Formula One World Championship career
- Nationality: British
- Active years: 1958
- Teams: British Racing Partnership
- Entries: 1
- Championships: 0
- Wins: 0
- Podiums: 0
- Career points: 0
- Pole positions: 0
- Fastest laps: 0
- First entry: 1958 Moroccan Grand Prix

= Tom Bridger =

British racing driver (1934–1991)

Thomas Bridger (24 June 1934 – 30 July 1991) was a British racing driver from England. He participated in one Formula One World Championship Grand Prix, on 19 October 1958, scoring no championship points. His greatest success came in Formula Three, where he won 15 races.

==Career==

Born in Woolmer Green, Hertfordshire, Bridger started racing in Formula Three in 1953, initially competing minor events in a Kieft-Norton before moving to a Cooper to compete full-time in Formula Three in 1957. He achieved some success racing with Jim Russell, one of the more successful drivers in the category. He moved up to Formula Two in 1958, finishing second in the Crystal Palace Trophy race, and eighth in the Coupe de Vitesse at Reims.

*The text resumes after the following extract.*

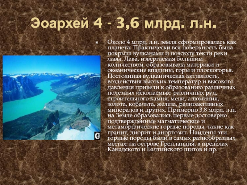 повсюду текли реки лавы. Лава, извергаемая большим количеством, образовывала материки и океанические впадины, горы и плоскогорья. Постоянная вулканическая активность, воздействия высоких температур и высокого давления привели к образованию различных полезных ископаемых: различных руд, строительного камня, меди, алюминия, золота, кобальта, железа, радиоактивных минералов и других. Примерно 3,8 млрд. л.н. на Земле образовались первые достоверно подтверждённые магматические и метаморфические горные породы, такие как гранит, диорит и анортозит. Найдены эти горные породы были в самых разнообразных местах: на острове Гренландия, в пределах Канадского и Балтийского щитов и др.

Bridger raced in the 1958 Moroccan Grand Prix with British Racing Partnership, driving a Formula Two-class Cooper T45. He qualified in 22nd place, and Bridger got up to 14th before his race was ended by a collision on lap 30. The crash involved three vehicles, but Bridger emerged unharmed.

Bridger returned to Formula Three in 1959 with the Cooper-Norton car, winning four races throughout the year. In 1960, he raced in Formula Junior, competing in a works Lotus at the British Grand Prix.

Bridger died at Logie Coldstone, Aberdeenshire in 1991 at the age of 57 years.

==Racing record==

===Complete Formula One World Championship results===
(key)

Year: Entrant; Chassis; Engine; 1; 2; 3; 4; 5; 6; 7; 8; 9; 10; 11; WDC; Points
1958: British Racing Partnership; Cooper T45 (F2); Climax Straight-4; ARG; MON; NED; 500; BEL; FRA; GBR; GER; POR; ITA; MOR Ret; NC; 0

===Complete British Saloon Car Championship results===
(key) (Races in bold indicate pole position; races in italics indicate fastest lap.)

| Year | Team | Car | Class | 1 | 2 | 3 | 4 | 5 | 6 | 7 | 8 | 9 | DC | Pts | Class |
| 1958 | Metcalfe & Munday | Borgward Isabella TS | B | BRH | BRH 1‡ | MAL 6† | BRH ?† | BRH 4† | CRY | BRH | BRH | BRH | NC | 0 | NC |
| 1959 | Tom Bridger | Borgward Isabella TS | B | GOO | AIN | SIL | CRY | SNE Ret | BRH | BRH |  |  | NC | 0 | NC |
Source:

† Events with 2 races staged for the different classes.

‡ Event with 3 races staged for the different classes.